In short, this notion that mutations can’t produce new genetic information is laughably absurd. DNA is simply the code that tells organisms what proteins and structures to make, and modifications to that code result in novel proteins and structures. Indeed, if you accept that dogs and cats are different because of differences in their DNA, then you have already accepted that rearranging genetic codes can, in fact, produce new information and result in vastly different organisms. Indeed, saying that rearranging DNA can’t produce new information is no different from saying that rearranging the letters of the alphabet can’t produce new information. Obviously it can, as is evidenced by this new blog post that I am writing. Additionally, when we say that evolution needs “new information,” we don’t mean that it needs something completely novel and totally different from anything else that has ever existed. Rather, we simply mean that there needs to be variation for traits. In other words, any slight modification to an existing trait qualifies as “new information” when talking about evolution. Finally, we have experimentally documented that mutations can produce that variation, and we have demonstrated that beneficial mutations do in fact occur and result in novel proteins that perform novel functions (i.e., the mutations created new information).

Literature Cited

• Blount et al. 2008. Historical contingency and the evolution of a key innovation in an experimental population of Escherichia coli. Proceedings of the National Academy of Sciences 105:7899–7906.
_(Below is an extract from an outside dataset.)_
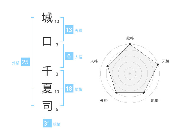 城口 千夏司さんの総格は31画の5点!
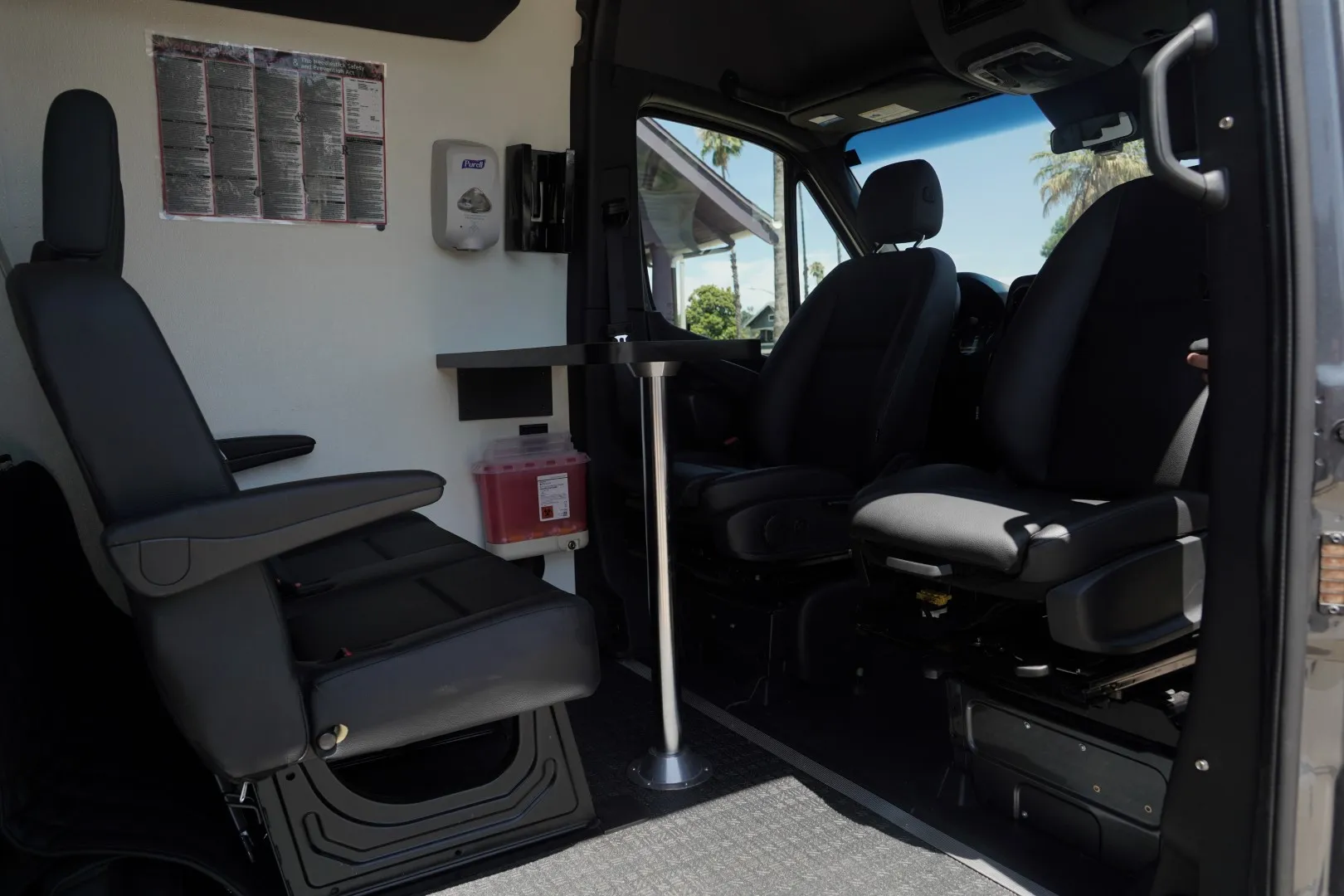Our MTU is equipped with two discrete spaces—one at the vehicle's center and the other at the rear—to accommodate testing and behavioral health interventions. The inclusion of solar panels ensures a comfortable interior climate even when the engine is inactive, proving especially beneficial for warm weather occasions.

• Dean et al. 1996. Genetic restriction of HIV-1 infection and progression to AIDS by a deletion allele of the CKR5 structural gene. Science 273:1856–1862.
• Eyre-Walker et al. 2007. The distribution of fitness effects of new mutations. Nature Reviews Genetics 8:610–618.
• Halligan and Keightley. 2009. Spontaneous mutation accumulation studies in evolutionary genetics. Annual Review of Ecology, Evolution, and Systematics 40:151–172.
• Joseph and Hall. 2004. Spontaneous mutations in diploid Saccharomyces cerevisiae more beneficial than expected. Genetics 168:1817–1825.
• Nachman and Crowell. 2000. Estimate of the mutation rate per nucleotide in humans. Genetics 156:297–304.
• Newcomb et al. 1997. A single amino acid substitution converts a carboxylesterase to an organophosphorus hydrolase and confers insecticide resistance on a blowfly. Proceedings of the National Academy of Sciences 94:7464–7468.
• Perfeito et al. 2007. Adaptive mutations in bacteria: high rate and small effects. Science 317:813–815.
• Shaw et al. 2002. A comprehensive model of mutations affecting fitness and inferences for Arabidopsis thaliana. Evolution 56:453–463.
• Shaw et al. 2003. What fraction of mutations reduces fitness? A reply to Keightley and Lynch. Evolution 57:686–689.
• Sullivan et al. 2001. The coreceptor mutation CCR5Δ32 influences the dynamics of HIV epidemics and is selected for by HIV. Proceedings of the National Academy of Sciences 98:10214–10219.